In today’s group practice setting, especially amid fears of COVID-19, it’s critical for group practices to maintain infection prevention standards. This includes cleaning vacuum lines daily. In all times (not just in times of COVID), the Center for Disease Control and Prevention (CDC) states that suction lines should be cleaned and disinfected daily to remove blood and debris with a solution compatible with the amalgam separator and evacuation system. Cleaning high volume suction tubing at the end of the day is important since debris can accumulate and clog vacuum line. Daily use of an evacuation cleaner should be used as a shock treatment to keep the system running effectively.  

Indeed, the CDC and Prevention deemed the topic important enough to address in its Interim Infection Prevention and Control Guidance for Dental Settings During the Coronavirus Disease 2019 (COVID-19) Pandemic. Per the CDC in its Equipment Considerations section: “Air compressor, vacuum and suction lines, radiography equipment, high-tech equipment, amalgam separators, and other dental equipment: Follow protocol for storage and recommended maintenance per manufacturer IFU.”

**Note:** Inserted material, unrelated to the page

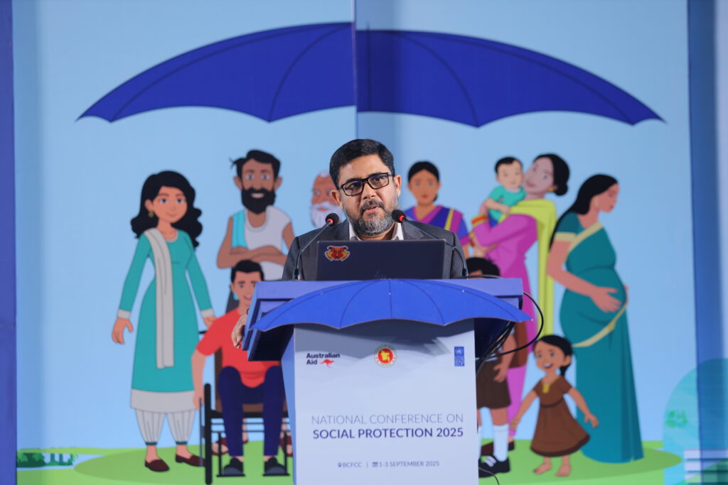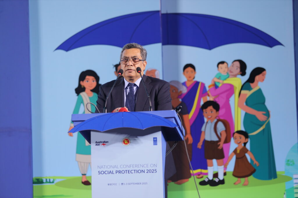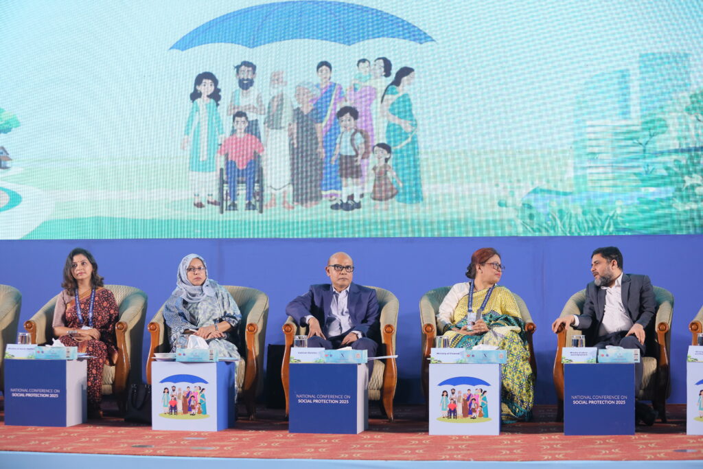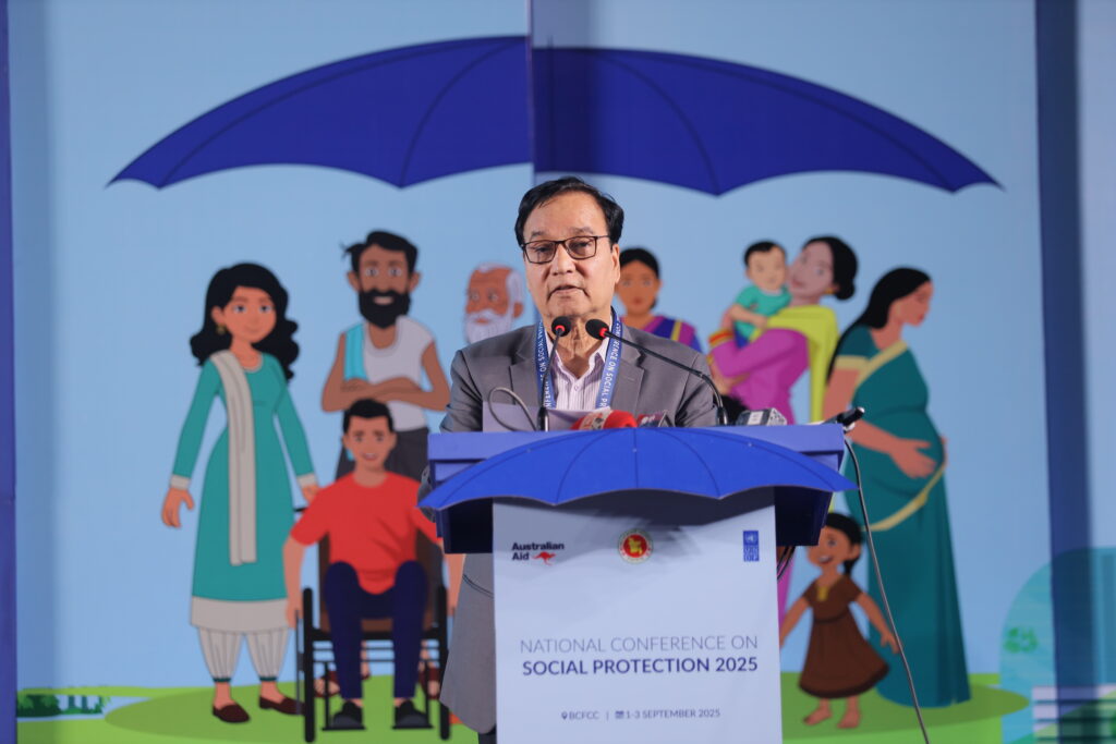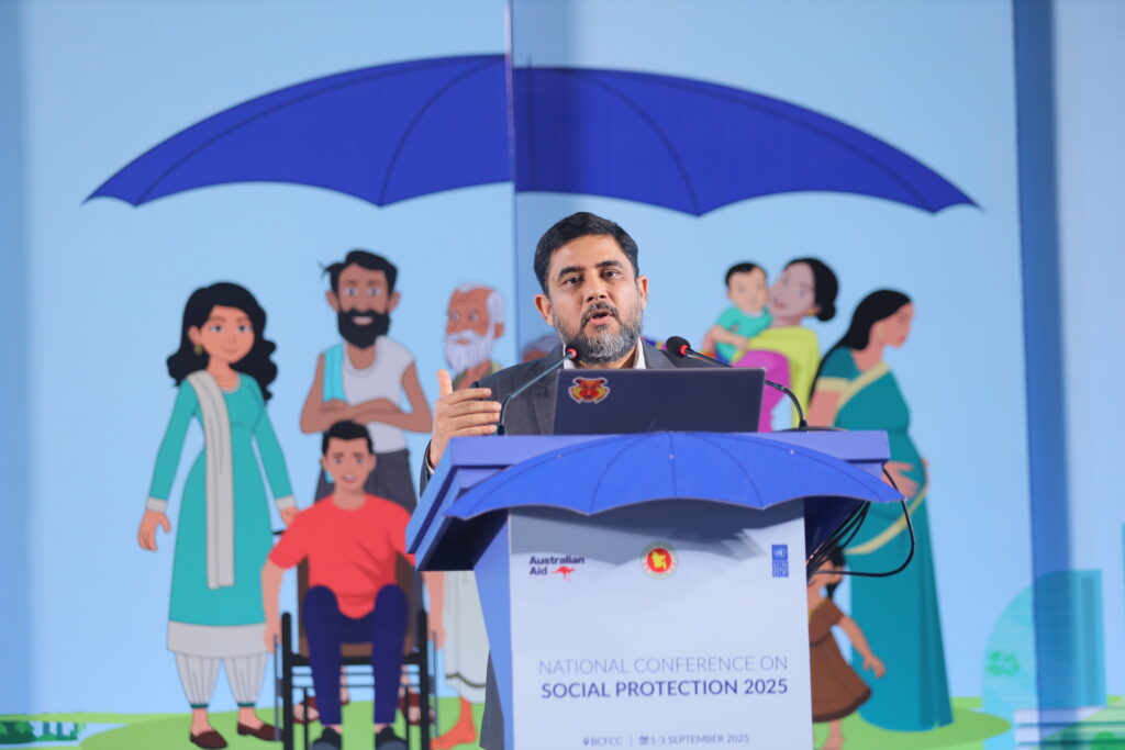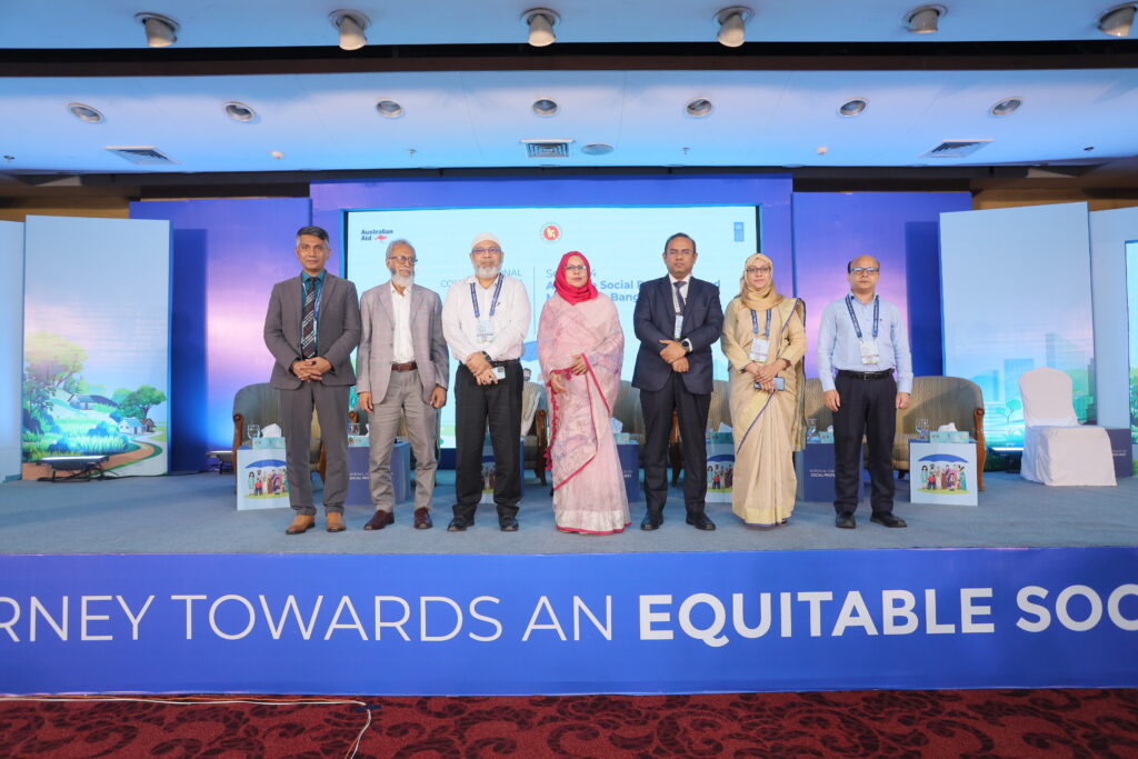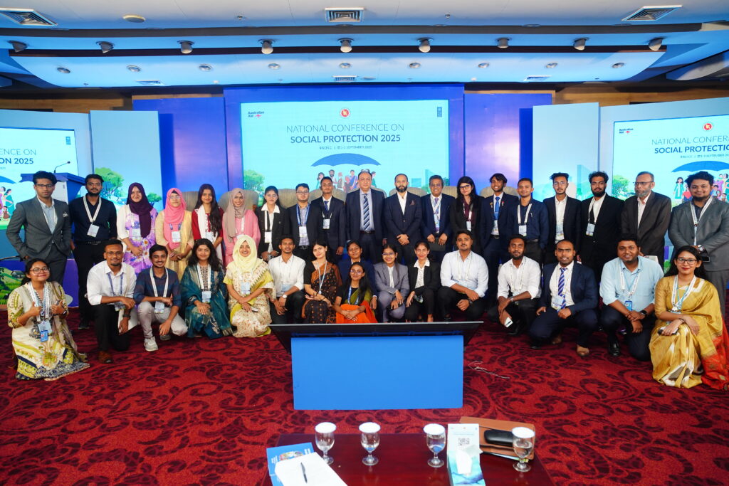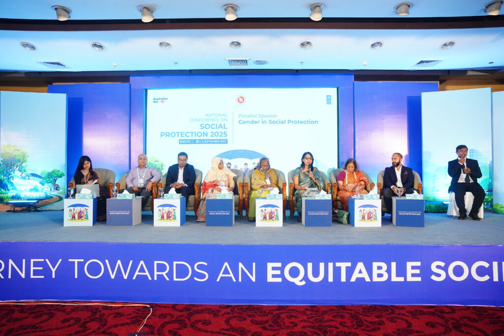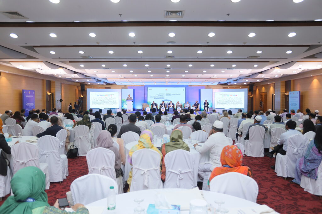 The National Conference on Social Protection 2025, held from 1–3 September 2025 at the Bangladesh-China Friendship Conference Centre, served as a high-level platform to revisit and shape the future of Bangladesh’s social protection system as the National Social Security Strategy (2015–2026) nears its conclusion. Anchored in the theme “A Journey Towards an Equitable Society”, the conference brought together government leaders, development partners, civil society, academics, and private sector actors to critically assess progress, share innovative approaches, and chart strategic directions for a more inclusive, shock-responsive, and sustainable framework. Through multi-stakeholder dialogues across thematic sessions, the event generated actionable recommendations to guide the country’s post-2026 social protection strategy, reinforcing Bangladesh’s commitment to poverty reduction, gender equality, and climate resilience within its broader vision of building a more just and equitable society.

But how can dental group practices know they are doing things right? The following are three best practices that dental group practices should adhere to when it comes to proper vacuum line cleaning.

  1. Offices that choose to use a microbial vacuum line product are typical safer, then chemically based concentrations to clean their vacuum lines. These formulations are organic and do not contain any harmful compounds that would be harmful to the patient, dental professional or the environment. Enzymatic formulations remain in the vacuum lines until the waste is digested and not simply just flushed through leaving bits of debris behind adhering to the walls of the vacuum line.
  1. Offices clean their vacuum lines daily and after every surgical procedure with a line cleaner compatible with their amalgam separator and wet or dry vacuum system.
  1. In compliance with the EPA “Dental Rule” on the proper handling of amalgam waste in the dental practices, practices must use a vacuum line cleaner with a neutral pH between 6 and 8. 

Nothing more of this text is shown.